--- Entries provided ---
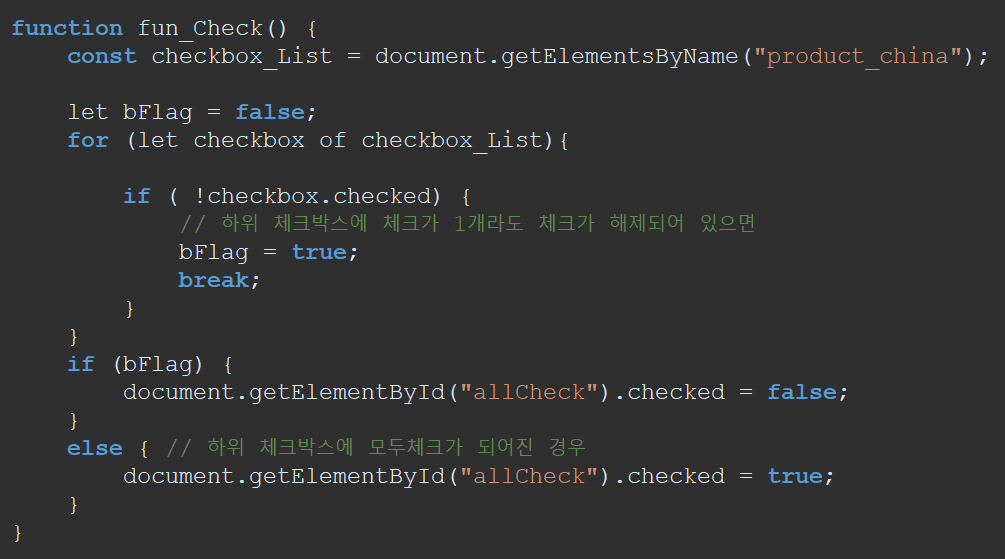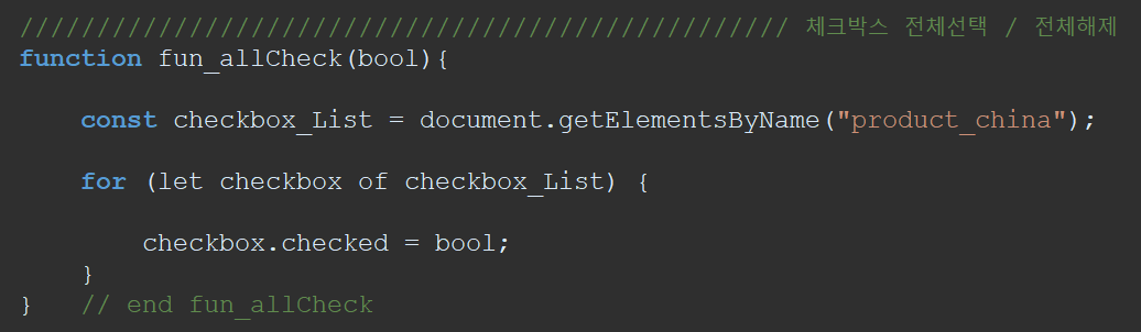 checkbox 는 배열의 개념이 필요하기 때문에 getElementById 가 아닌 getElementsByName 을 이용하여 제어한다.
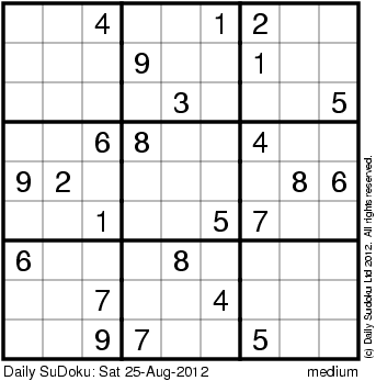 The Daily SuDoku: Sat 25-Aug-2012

---

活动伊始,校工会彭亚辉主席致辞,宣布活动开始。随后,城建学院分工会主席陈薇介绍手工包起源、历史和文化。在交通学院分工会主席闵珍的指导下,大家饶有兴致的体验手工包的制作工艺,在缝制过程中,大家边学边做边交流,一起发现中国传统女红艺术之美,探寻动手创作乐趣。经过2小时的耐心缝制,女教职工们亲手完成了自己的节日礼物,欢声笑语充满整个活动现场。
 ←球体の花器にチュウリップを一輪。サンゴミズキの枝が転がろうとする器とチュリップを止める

--- Exercise goal ---
Look above for the line with "checkbox 는 배열의", then print it and each line after it down to and including the line with "The Daily SuDoku: Sat 25-Aug-2012". Leave out the pictures and keep the wording exact.

--- Solution to this task ---
 checkbox 는 배열의 개념이 필요하기 때문에 getElementById 가 아닌 getElementsByName 을 이용하여 제어한다.
 The Daily SuDoku: Sat 25-Aug-2012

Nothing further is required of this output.